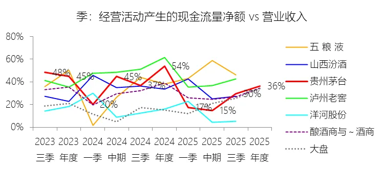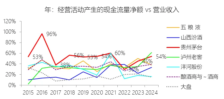 经营活动产生的现金流量净额:2025年,贵州茅台的经营活动产生的现金流量净额为615.22亿元,同比减少33.46%,与营业收入的比例为36.44%,同比下降17.67个百分点;2015-2024年(十年),此项合计为4750.90亿元,平均比例为50.94%,比酿酒商与葡萄酒商行业的均值高15.27个百分点,长期呈下降趋势。比例短期下降主要由于公司控股子公司贵州茅台集团财务有限公司在2025年吸收的集团公司成员单位存款减少,以及不可随时支取的同业定期存款增加,直接限制了当期经营性现金流入的增量;同时,2025年酱香系列酒产品结构调整导致营业收入微降,且支付的各项税费占比同比上升,共同导致现金流净额与营收比例的阶段性回落。比例长期下降主要由于公司在过去十年间营业收入增长了423.27%,年复合增长率高达20.19%,极大的营收基数扩张使得现金流比例在统计上随规模效益的释放而自然摊薄;此外,公司支付的各项税费占营收比例长期呈上升趋势(十年平均比例为44.87%),且受集团内部股权划转(如2022年习酒划出后不再是财务公司成员单位)等结构性因素干扰,使得经营性现金流在部分年份出现较大幅度波动,从而在长期趋势中呈现比例下降的特征。比例高于酿酒商与葡萄酒商行业的均值主要由于公司拥有环境、工艺、品质、品牌及文化构成的五大核心竞争力,形成了全球烈性酒第一品牌的极强议价能力和产品稀缺性,使其十年平均销售费用率仅为3.31%,大幅低于行业水平;同时,公司凭借“先款后货”的强势销售模式持续获得大额合同负债,并依托具有金融牌照职能的集团财务公司对集团内资金进行高效归集,使其现金回笼效率和经营造血能力显著优于缺乏品牌支撑和金融运作规模的行业同行。
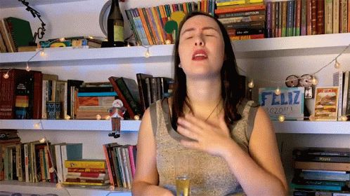 Woman expresses a moment of profound relief, holding a champagne glass in front of a bookshelf with a 'Feliz 2020' sign.
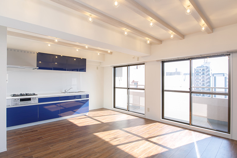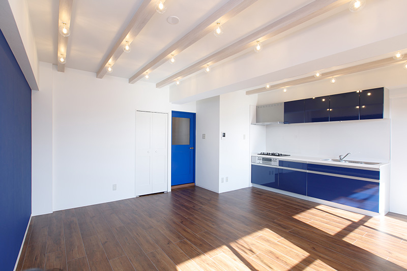 お部屋に合わせたブルーのシステムキッチン!
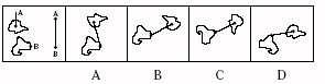 Determine which of the choices best solves the problem shown in the first picture and then mark the corresponding choice on your answer sheet. The problem is presented in the first drawing and the remaining four drawings are possible solutions.
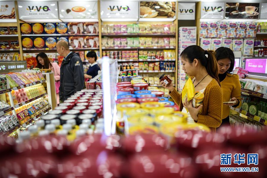 12月7日,顾客在前海周大福全球商品购物中心挑选食品。当日,深圳前海周大福全球商品购物中心(前海港货中心)开始试营业。该购物中心以“港资建设、港企运营、港人收益”为宗旨,打造国际零售业创新文化以及深港合作高端消费体验中心,为内地市民提供香港和国外商品,同时吸引香港零售商,特别是香港中小企业到前海经商。据了解,该购物中心运营模式为“保税展示”和“跨境电商”双线并行,售价贴近香港价格,商品类别包括珠宝、手表、奶粉、食品、药品等。新华社记者毛思倩摄
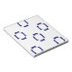 Decorative blue shapes on white pattern.
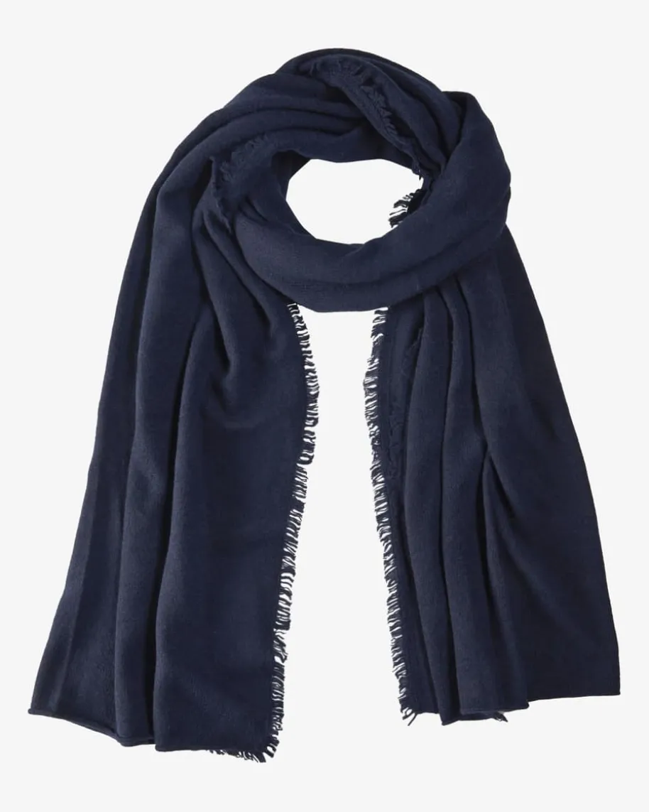 Cashmere-Schal für Damen von OFF & CO in Navy. Das Modell begeistert dank derhochwertigen Cashmere-Qualität mit angenehm-weichem Tragegefühl, während dasminimalistische Design mit Fransen-Details einen zeitlosen Begleiter für kalteTage kreiert.
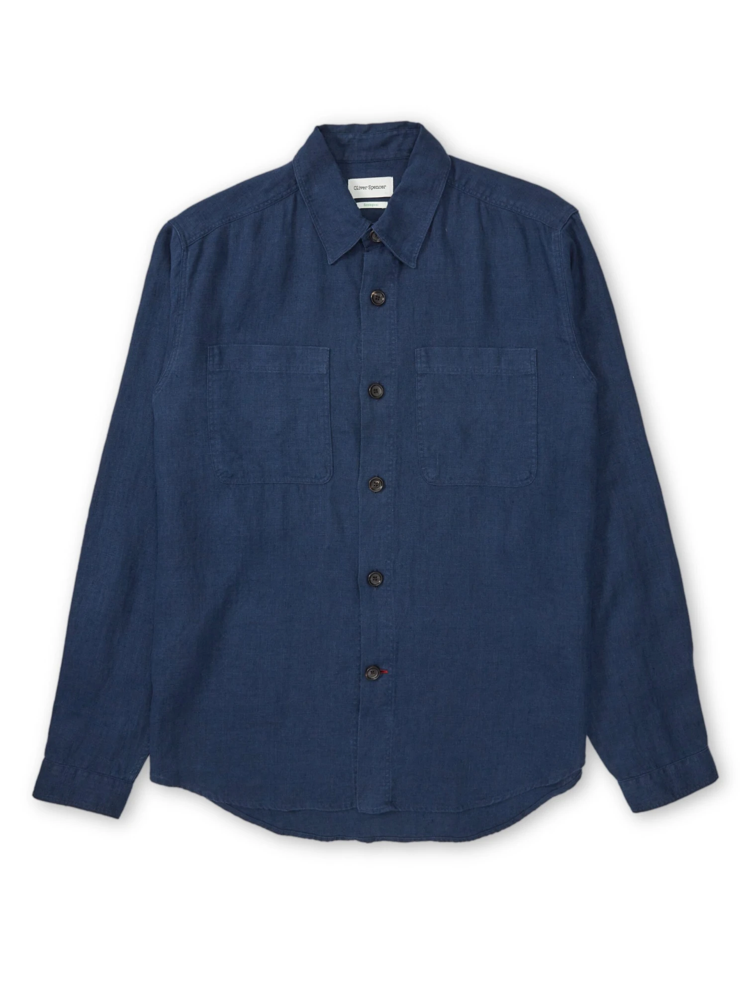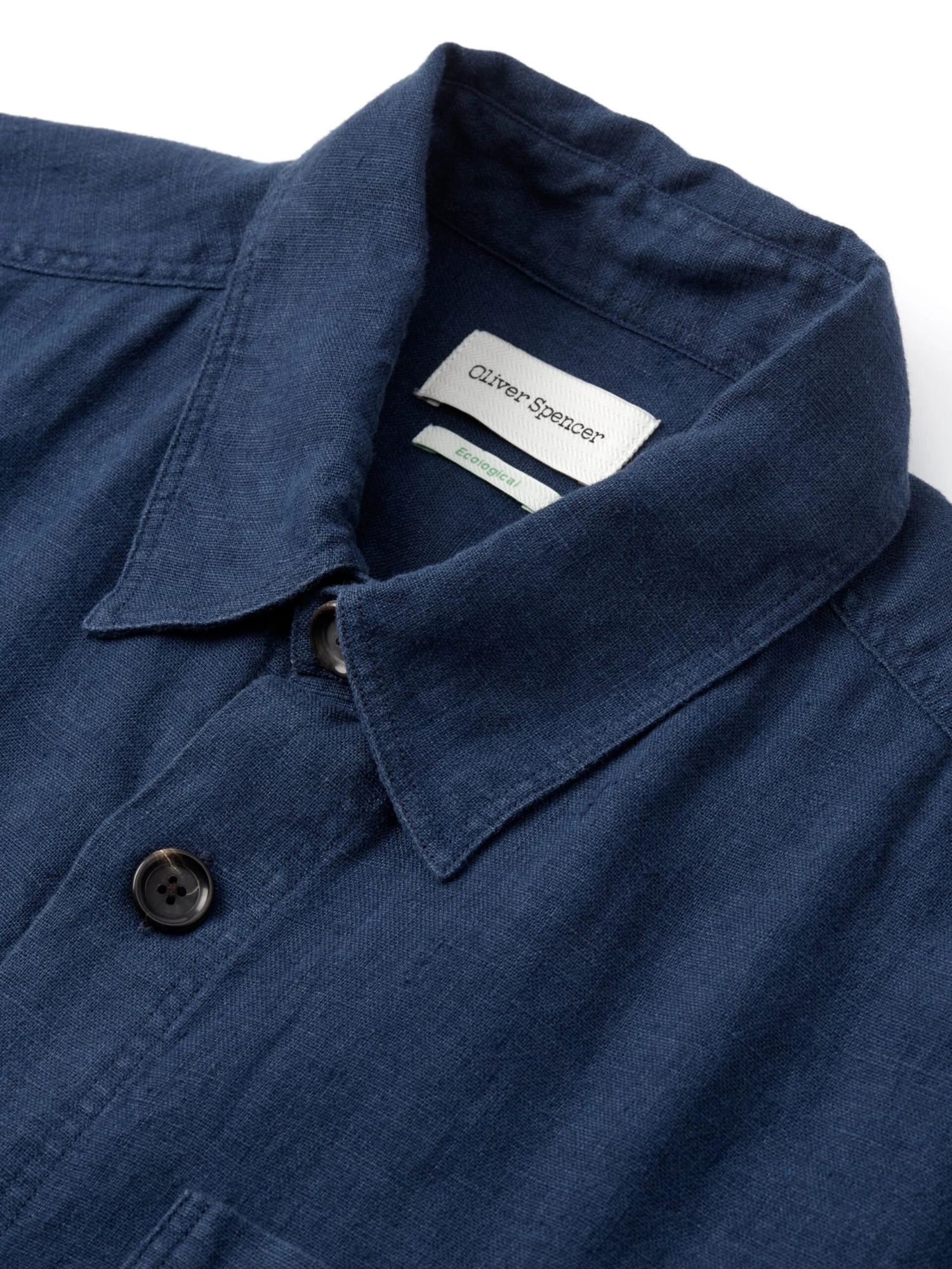 Inspired by vintage military shirt silhouettes, the Treviscoe shirt is a modern classic and a great fit for contemporary workwear wardrobes. This 100% linen style in navy is a great option for a breezy overshirt this season, paired with your favourite jeans.
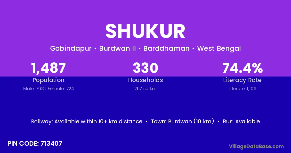 Burdwan (10 km) is the nearest town to Shukur village for major economic activities and is located approximately 10 km away.
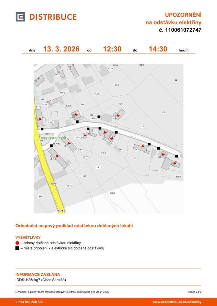 Informujeme Vás o plánovaném přerušení dodávky elektrické energie v katastru Vaší obce, které proběhne dne 13. března 2026 od 12:30 do 14:30. Všechny dotčené oblasti jsou uvedeny v příloze této zprávy.
————
TASK DETAILS: Transcribe exactly the lines above, beginning at the one with "お部屋に合わせたブルーのシステムキッチン!" and going up to and including the one with "Inspired by vintage". Pictures do not belong in the copy.

EXERCISE ANSWER:
 お部屋に合わせたブルーのシステムキッチン!
 Determine which of the choices best solves the problem shown in the first picture and then mark the corresponding choice on your answer sheet. The problem is presented in the first drawing and the remaining four drawings are possible solutions.
 12月7日,顾客在前海周大福全球商品购物中心挑选食品。当日,深圳前海周大福全球商品购物中心(前海港货中心)开始试营业。该购物中心以“港资建设、港企运营、港人收益”为宗旨,打造国际零售业创新文化以及深港合作高端消费体验中心,为内地市民提供香港和国外商品,同时吸引香港零售商,特别是香港中小企业到前海经商。据了解,该购物中心运营模式为“保税展示”和“跨境电商”双线并行,售价贴近香港价格,商品类别包括珠宝、手表、奶粉、食品、药品等。新华社记者毛思倩摄
 Decorative blue shapes on white pattern.
 Cashmere-Schal für Damen von OFF & CO in Navy. Das Modell begeistert dank derhochwertigen Cashmere-Qualität mit angenehm-weichem Tragegefühl, während dasminimalistische Design mit Fransen-Details einen zeitlosen Begleiter für kalteTage kreiert.
 Inspired by vintage military shirt silhouettes, the Treviscoe shirt is a modern classic and a great fit for contemporary workwear wardrobes. This 100% linen style in navy is a great option for a breezy overshirt this season, paired with your favourite jeans.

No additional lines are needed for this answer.